La experiencia del pasajero

En el futuro de la aviación, también la experiencia del viajero sufrirá modificaciones.

Una de las cosas que cambiará pronto será el sistema de entretenimiento a bordo. Por ejemplo, las aerolíneas Transavia (del grupo Air France/KLM) y Qantas (aerolínea de bandera australiana), están experimentando con experiencias de realidad virtual. De hecho, Qantas ya ofrece unas gafas de VR (Realidad Virtual) a sus pasajeros de primera clase, con el objetivo de que puedan relajarse en sus camas.

La compañía italiana Aviointeriors está diseñando unos asientos especiales que se plegarán cuando no estén ocupados, como en el cine. Esto hará que sea mucho más cómodo moverse por la cabina.

Otra innovación que puede implantarse pronto es el llamado ‘Air Lair’ (Guarida en el Aire). La compañía Factory Design planea introducir una especie de cabinas individuales para dormir en lugar de asientos. Los pasajeros de primera clase podrán relajarse en estas cabinas de aspecto futurista con su propia luz individual, fuente de sonido y regulador de temperatura. Estos asientos especiales están diseñados para hacer un mejor uso del interior de la cabina del avión, pero requieren una inversión considerable y, por lo tanto, solo están siendo considerados por un pequeño número de empresas en la actualidad.

El futuro de película

Algunas cosas de las que vimos en las películas futuristas de finales de siglo XX pueden estar más cerca de lo que piensas.
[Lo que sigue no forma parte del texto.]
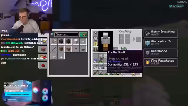 03:35:14Der Streamer äußert Bedenken bezüglich seiner Rüstung, insbesondere hinsichtlich Haltbarkeit und Schutz. Es wird diskutiert, wie effektiv die Eisenrüstung gegen die späteren Wellen sein wird. Der Streamer entscheidet, sich auf OP-Gaps zu konzentrieren und plant, mehrere Stacks davon zu verwenden. Strategien wie das Durchgapen und der Schutz durch Blöcke werden erörtert.
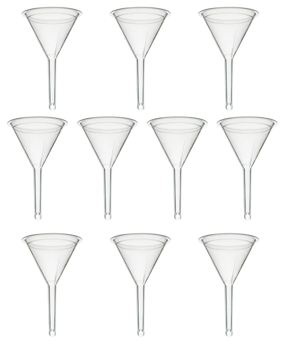 Pack of ten industrial-quality filter funnels made of polypropylene plastic. Excellent for separating solids from liquids as well as for easier transfers of liquids to narrow-mouthed containers. Each funnel measures 3.7 inches in total length and 2 inches in diameter. The stem is 1.9 inches long and has an outer diameter measuring 6.5 mm. Designed for use in professional laboratories, but it's also an ideal choice for science classrooms and household use. Eisco Labs proudly manufactures its own products using state-of-the-art equipment and follows the highest standards of quality control. Each product is carefully designed by a team of laboratory professionals and experienced engineers with quality and durability in mind. They are manufactured with only the highest-grade raw materials, according to international quality standards, to ensure that they can withstand use in even the toughest laboratory environments.
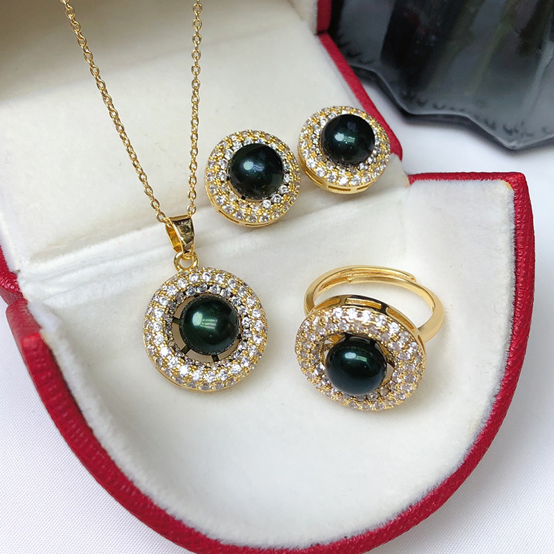 Пресноводный жемчуг Ожерелье набор из трех частей модный кулон кольцо серьги гвоздики 8-9 мм булочки на пару бусы дикие женские оптом

Es el caso de los taxis y coches voladores (ya hay varios prototipos que están siendo probados) y los drones en los que vuelan personas. En este segundo caso, hay una compañía china que ya ha creado un dron lo suficientemente grande como para acomodar a un pasajero, consiguiendo que volase – controlado remotamente con una tableta – durante 23 minutos.

¿Qué tipo de aviones nos encontraríamos si hibernáramos durante 50 años y despertáramos en 2068? Bueno, mejor vivirlo y esperar.